Special Education Teacher Education Research: Current Status and Future Directions
Source: Teacher Education and Special Education, v. 33 no. 1 (February 2010)
p. 8-24.
(Reviewed by the Portal Team)
In this article, the authors propose an agenda for special education teacher education researchers. The authors emphasize that particular attention should be paid to policy work and studies of innovations in pre-service preparation, induction and mentoring, and professional development.
Because previous research is limited and unfocused, the foundation for future research is weak, but opportunities to study questions of importance and interest are seemingly limitless.
The authors discuss strategies to bolster the research foundation, namely, by oversampling special education teachers in the Schools and Staffing Survey and the Teacher Follow-Up Survey and by fostering the development of models of teacher development and related measures of teacher quality.

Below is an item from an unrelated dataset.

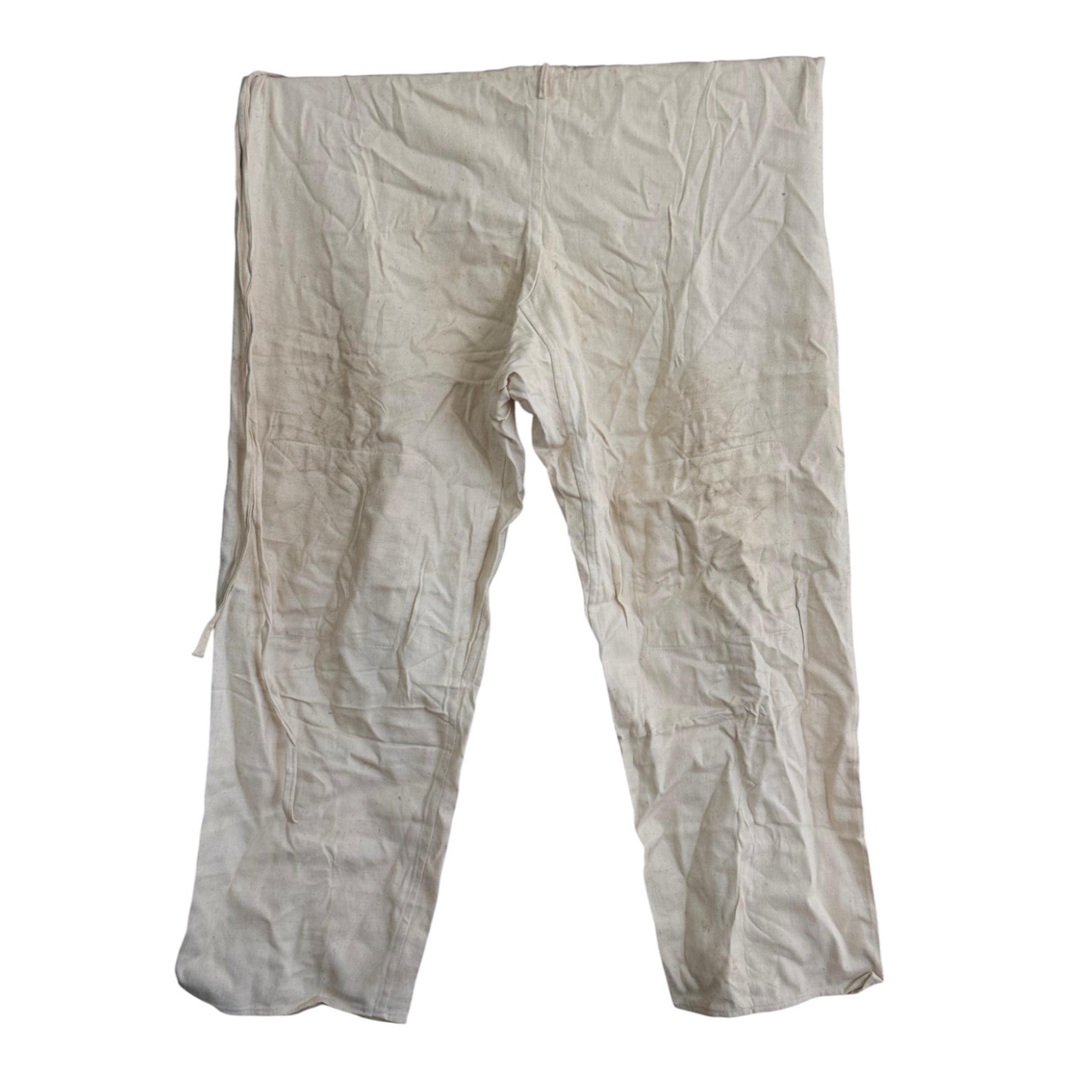Simple pants with drawstring closure, no obvious reinforcements at the knees.

The authors conclude that the most serious impediments to developing a coherent and comprehensive body of research on teacher education derives from the absence of
(a) theoretical and conceptual frameworks for guiding the development of innovations and
(b) technically adequate outcome measures with which to assess the effects.
The authors believe that the development and validation of teacher quality measures should be a top priority for teacher education researchers.
Furthermore, current federal databases, such as the SASS and the TFS, as well as state databases are insufficient for studying teacher education policy issues in special education.
The authors urge the U.S. Department of Education to consider oversampling SETs to increase the power of analyses undertaken with this important subgroup of teachers or, alternatively, to constitute a separate but nationally representative sample of SETs.
Finally, the authors are concerned about the future of traditional teacher preparation as the competition among providers intensifies and its cost to consumers is reduced (Carey, 2009). The authors argue that research will differentiate universities from online course providers, and our ultimate value to higher education may lie not in the number of teachers we produce but more so in the knowledge that we generate about preparing them well.
References
Carey, K. (2009, September/October). College for $99 a month. Washington Monthly. Retrieved October 14, 2009.